** Opening INPUT FOR THIS TASK block **

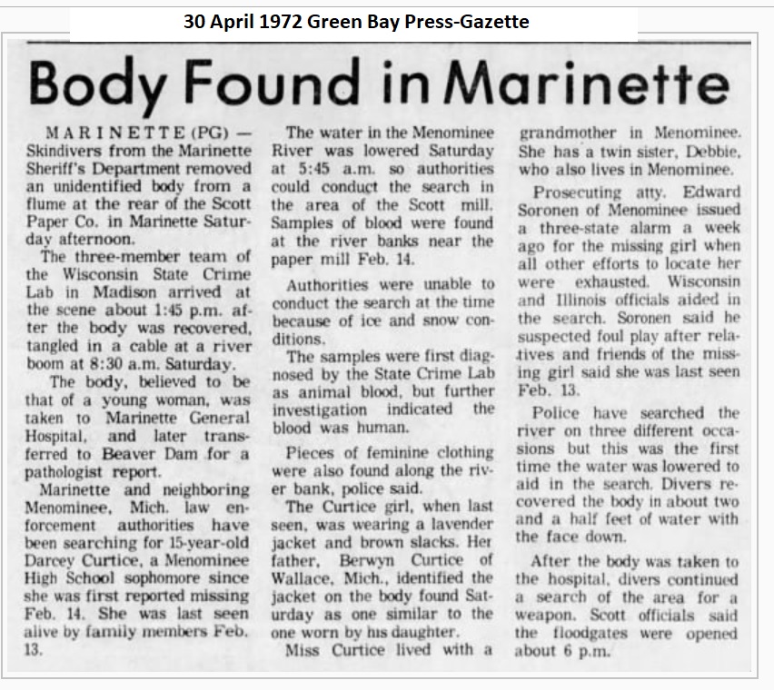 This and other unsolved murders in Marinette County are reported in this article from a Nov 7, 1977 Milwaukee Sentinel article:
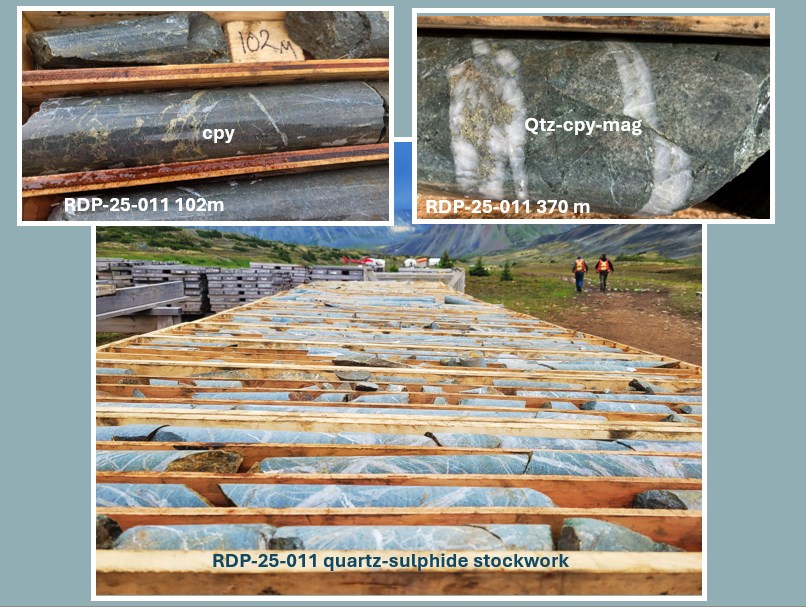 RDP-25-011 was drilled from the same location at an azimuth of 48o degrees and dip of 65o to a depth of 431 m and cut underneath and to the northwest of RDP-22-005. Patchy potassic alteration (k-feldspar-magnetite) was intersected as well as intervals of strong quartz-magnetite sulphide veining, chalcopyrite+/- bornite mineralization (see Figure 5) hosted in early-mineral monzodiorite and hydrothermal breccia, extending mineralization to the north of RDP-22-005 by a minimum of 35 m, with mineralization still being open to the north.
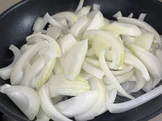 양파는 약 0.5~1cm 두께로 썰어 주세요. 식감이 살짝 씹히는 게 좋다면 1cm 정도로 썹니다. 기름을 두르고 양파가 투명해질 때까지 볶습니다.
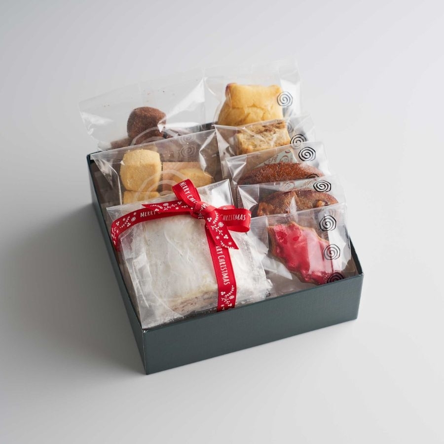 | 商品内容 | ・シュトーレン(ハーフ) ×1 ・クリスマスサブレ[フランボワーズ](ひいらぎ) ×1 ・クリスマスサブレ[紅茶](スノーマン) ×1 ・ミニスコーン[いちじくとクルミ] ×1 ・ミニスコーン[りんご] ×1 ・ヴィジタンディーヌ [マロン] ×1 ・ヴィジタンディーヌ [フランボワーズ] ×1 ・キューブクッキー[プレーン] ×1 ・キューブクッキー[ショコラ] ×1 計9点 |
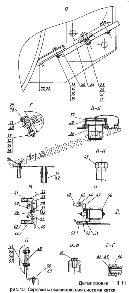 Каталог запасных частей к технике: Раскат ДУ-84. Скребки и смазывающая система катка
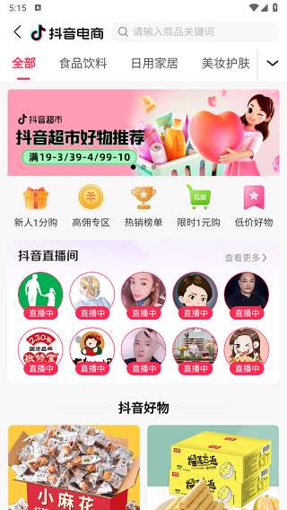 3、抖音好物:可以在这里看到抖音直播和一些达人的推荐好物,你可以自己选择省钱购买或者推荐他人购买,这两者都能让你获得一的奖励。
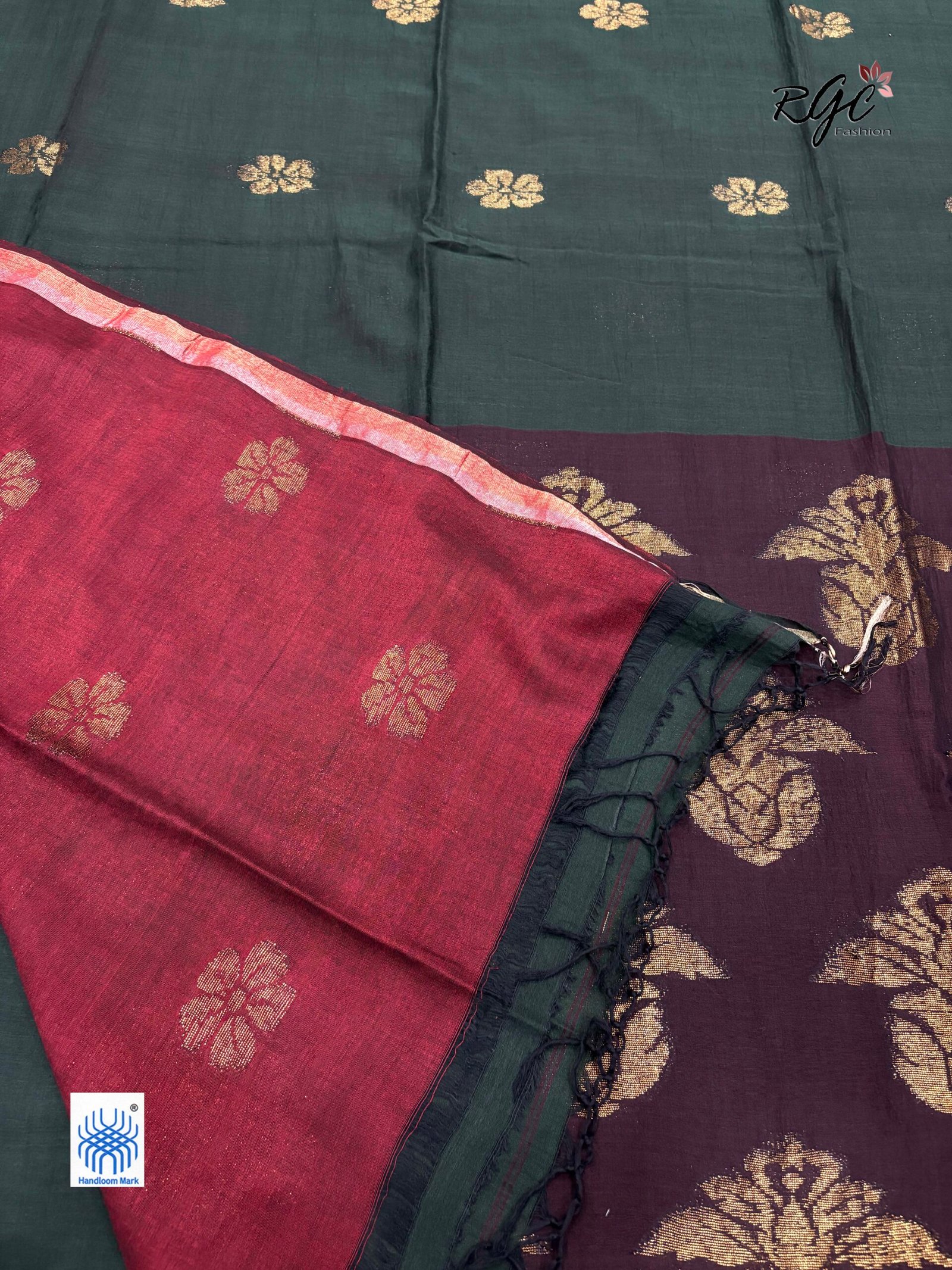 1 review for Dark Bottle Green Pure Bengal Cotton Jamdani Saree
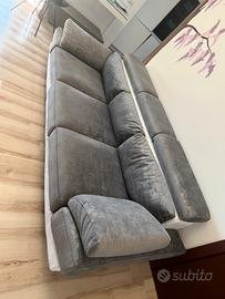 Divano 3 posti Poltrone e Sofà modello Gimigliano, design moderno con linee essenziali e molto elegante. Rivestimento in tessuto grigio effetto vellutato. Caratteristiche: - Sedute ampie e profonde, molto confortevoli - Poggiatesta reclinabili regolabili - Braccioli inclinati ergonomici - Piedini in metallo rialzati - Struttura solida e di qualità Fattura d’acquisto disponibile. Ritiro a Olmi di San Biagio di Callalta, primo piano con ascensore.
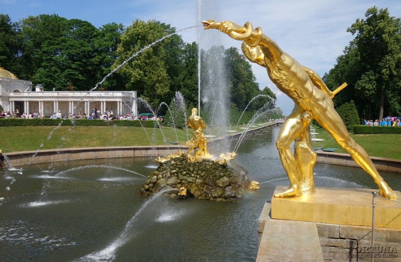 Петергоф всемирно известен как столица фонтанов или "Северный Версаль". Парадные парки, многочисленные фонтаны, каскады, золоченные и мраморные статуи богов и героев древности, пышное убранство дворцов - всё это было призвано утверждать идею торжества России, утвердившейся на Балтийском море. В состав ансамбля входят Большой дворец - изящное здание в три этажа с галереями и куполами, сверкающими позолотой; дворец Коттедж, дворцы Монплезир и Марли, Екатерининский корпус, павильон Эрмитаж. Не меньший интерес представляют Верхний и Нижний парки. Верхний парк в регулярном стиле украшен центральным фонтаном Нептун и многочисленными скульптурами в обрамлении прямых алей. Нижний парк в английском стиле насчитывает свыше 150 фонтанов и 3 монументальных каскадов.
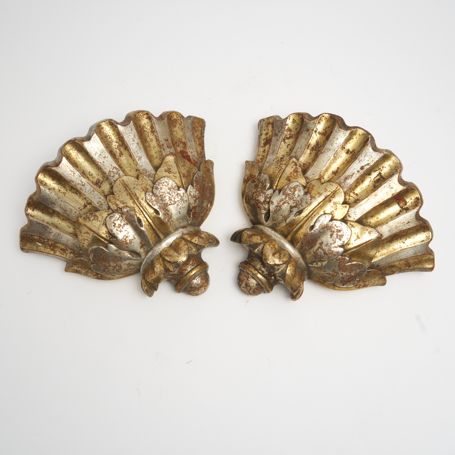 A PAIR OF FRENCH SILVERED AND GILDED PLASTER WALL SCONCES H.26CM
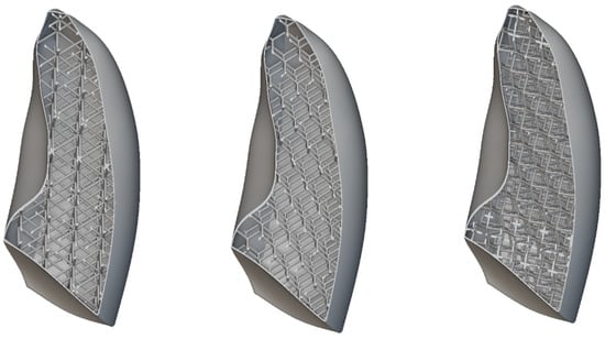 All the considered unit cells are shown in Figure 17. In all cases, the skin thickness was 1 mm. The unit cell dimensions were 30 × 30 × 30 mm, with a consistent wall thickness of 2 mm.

** Closing INPUT FOR THIS TASK block **

Using the entries above, write out exactly the lines from the one with "RDP-25-011 was drilled" through the one with "1 review for", ends included. Leave out any pictures.

## WRITTEN RESPONSE
 RDP-25-011 was drilled from the same location at an azimuth of 48o degrees and dip of 65o to a depth of 431 m and cut underneath and to the northwest of RDP-22-005. Patchy potassic alteration (k-feldspar-magnetite) was intersected as well as intervals of strong quartz-magnetite sulphide veining, chalcopyrite+/- bornite mineralization (see Figure 5) hosted in early-mineral monzodiorite and hydrothermal breccia, extending mineralization to the north of RDP-22-005 by a minimum of 35 m, with mineralization still being open to the north.
 양파는 약 0.5~1cm 두께로 썰어 주세요. 식감이 살짝 씹히는 게 좋다면 1cm 정도로 썹니다. 기름을 두르고 양파가 투명해질 때까지 볶습니다.
 | 商品内容 | ・シュトーレン(ハーフ) ×1 ・クリスマスサブレ[フランボワーズ](ひいらぎ) ×1 ・クリスマスサブレ[紅茶](スノーマン) ×1 ・ミニスコーン[いちじくとクルミ] ×1 ・ミニスコーン[りんご] ×1 ・ヴィジタンディーヌ [マロン] ×1 ・ヴィジタンディーヌ [フランボワーズ] ×1 ・キューブクッキー[プレーン] ×1 ・キューブクッキー[ショコラ] ×1 計9点 |
 Каталог запасных частей к технике: Раскат ДУ-84. Скребки и смазывающая система катка
 3、抖音好物:可以在这里看到抖音直播和一些达人的推荐好物,你可以自己选择省钱购买或者推荐他人购买,这两者都能让你获得一的奖励。
 1 review for Dark Bottle Green Pure Bengal Cotton Jamdani Saree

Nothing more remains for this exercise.